A Life in Boxes

Star Trek Voyager is one of my favorite tv series. I just love it. Kate Mulgrew, who plays Captain Janeway, is my very favorite actress, and the story lines and tropes used have always spoken to me.

If you’re not familiar with Voyager, the basic premise is that they are lost. In the first episode, they are catapulted from the alpha to the delta quadrant by a being called the caretaker, and the entire series focuses on their long journey home.

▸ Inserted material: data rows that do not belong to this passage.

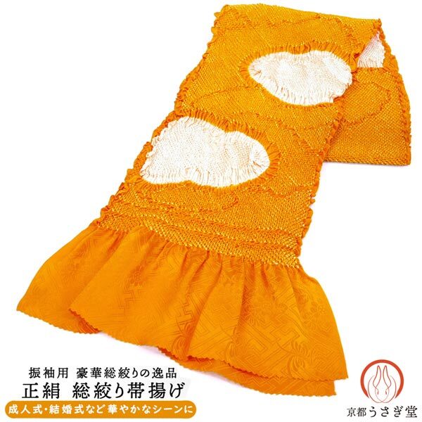 - 正絹 総絞り 帯揚げ oa-034 送料無料 橙色 オレンジ 絹100% 手絞り しぼり 手しぼり 絞り 振袖用
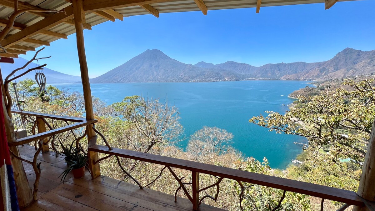 Bem-vindo ao seu refúgio à beira do lago. Nossa casa de campo combina simplicidade rústica com conforto aconchegante, com janelas panorâmicas com vistas pitorescas do Lago Atitlan. Desfrute de espaços interiores e exteriores e do nosso clima temperado. Ao lado de uma reserva natural intocada, nossa casa oferece uma escapada tranquila com acesso direto ao lago. Nade na água cristalina — é o melhor local do Lago Atitlan! Ideal para tranquilidade ou uma escapada romântica, nossa casa de campo à beira do lago é o refúgio perfeito para relaxar e recarregar as energias.
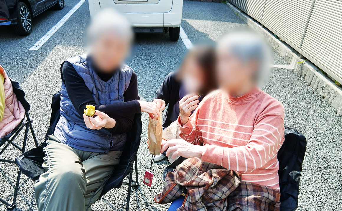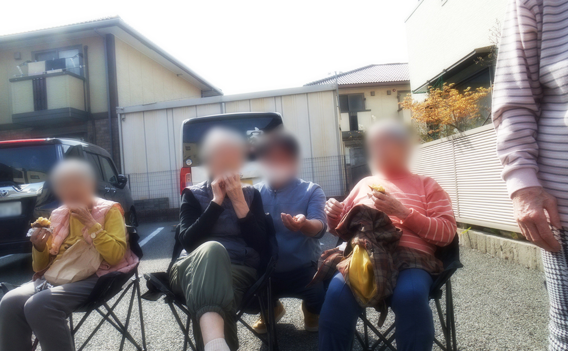 4/3、お誘いいただき、代表で2名の入居者様と「たのしい家金楽寺」にお邪魔し、石焼きいもを食べに行ってきました。 お二人とも着く前から「いや~、楽しみ」と仰っておられ、食べている時も笑顔満開で本当においしそうに頬張っておられました。 たのしい家金楽寺の入居者様、職員、お世話になりました。また、何かあればお互い行き来しましょうね。
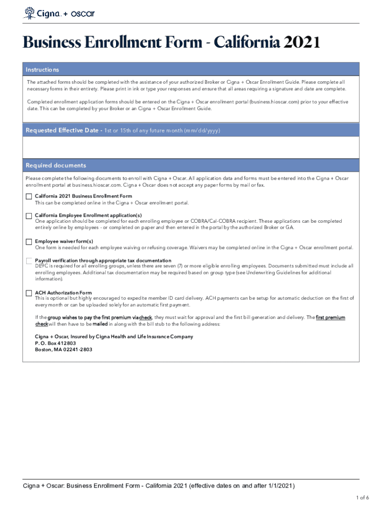 Business Enrollment Form California 2021 Instructions The attached forms should be completed with the assistance of your authorized Broker or Cagney + Oscar Enrollment Guide. Please complete all necessary
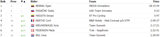 En el kilómetro 65 de la etapa comenzaban los abanicos con el equipo Deceuninck como protagonista. Una situación que iba a terminar por cazar a los dos fugados. A la vez que se producía esa neutralización, en el seno del pelotón se producía una caída con Nicholas Roche o Neilson Powless entre los implicados. Entre la caída y los abanicos íbamos a ver al pelotón cortado en varios trozos sin corredores importantes para la general por detrás, pero sí con gregarios fundamentales. Unos kilómetros más adelante se volvía a reagrupar la carrera.
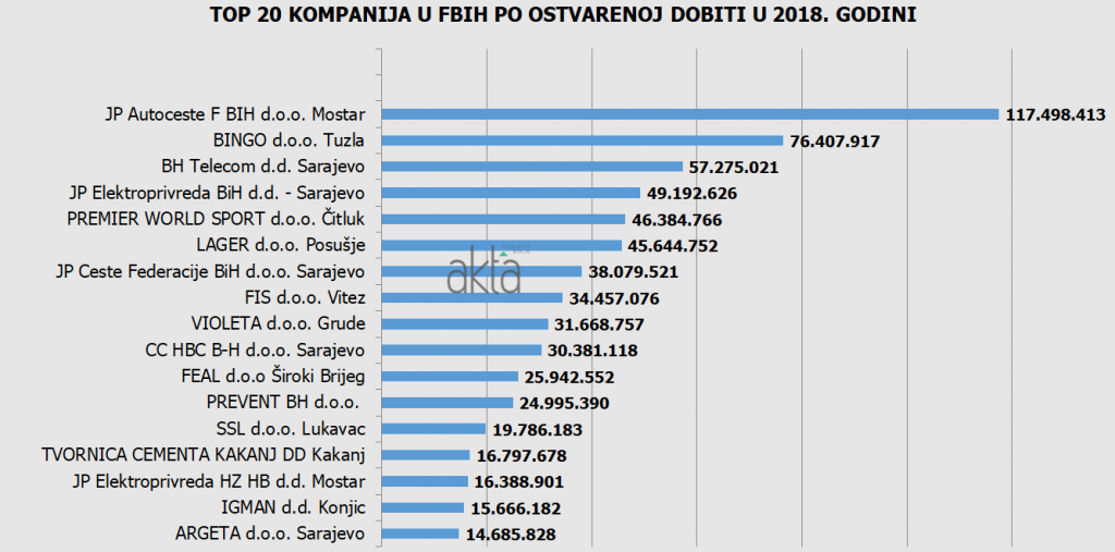 Na listi top 20 kompanija po ostvarenoj dobiti prve su JP Autoceste FBIH d.o.o. Mostar sa 117.498.413 KM, drugi je BINGO d.o.o. Tuzla sa 76.407.917 KM, treći BH Telecom d.d. Sarajevo sa 57.275.021 KM, četvrta je JP Elektroprivreda BiH d.d. sa 49.192.626 KM dobiti. Peti je PREMIER WORLD SPORT d.o.o. Čitluk sa 46.384.766 KM, šesti LAGER d.o.o. Posušje sa 45.644.752 KM, sedme JP Ceste Federacije BiH d.o.o. Sarajevo sa 38.079.521 KM, osmi FIS d.o.o. Vitez sa 34.457.076 KM, deveta je VIOLETA d.o.o. Grude sa 31.668.757 KM, deseta CC HBC B-H d.o.o. Sarajevo sa 30.381.118 KM dobiti…

As someone who has had little control over where I’ve lived throughout my adult life, this intrigued me. More than once, I was catapulted into a new appointment with the Army without any regard to my wishes – any input from me at all – actually. I would get a call saying, “you’re moving,” and off I’d go.

“Call day,” as we all came to know it, was the third Wednesday in May every year. So many of us came to dread it – but we knew it was coming. We knew that there was a solid chance that we could receive ‘marching orders’, so there was time to brace ourselves mentally and emotionally for the transition.

When I left the Army 5 years ago, I stayed with my friend Maureen in her basement for several months until I figured out if I really wanted to be in Carlisle for good, and then I found a tiny, but centrally located, apartment in my price range downtown. On the day I picked up the keys, the landlord asked, “How long do you think you’ll be renting from me?” I looked at him square in the face and said, “Forever. I’ve moved enough for more than a lifetime.”

And that was that.

It was a good relationship. I paid my rent, he let me paint and upgrade the apartment, I looked out for things, he let me grow sunflowers in the tiny dirt piles outside the front door.

I was home.

And then – he sold the building.

Suddenly, out of the blue, I had to move.

And fast.

30 day notices went out two days after Thanksgiving, saying that we all had to be out by December 31.

Left. Field.

This wasn’t the third Wednesday in May….this was CHRISTMAS for god’s sake!

BUT I JUST PAINTED!

BUT I JUST BOUGHT MY CHRISTMAS TREE!

BUT I DON’T WANT TO MOVE!

Moving was never fun in the Army, but you knew what you were getting into when you signed on.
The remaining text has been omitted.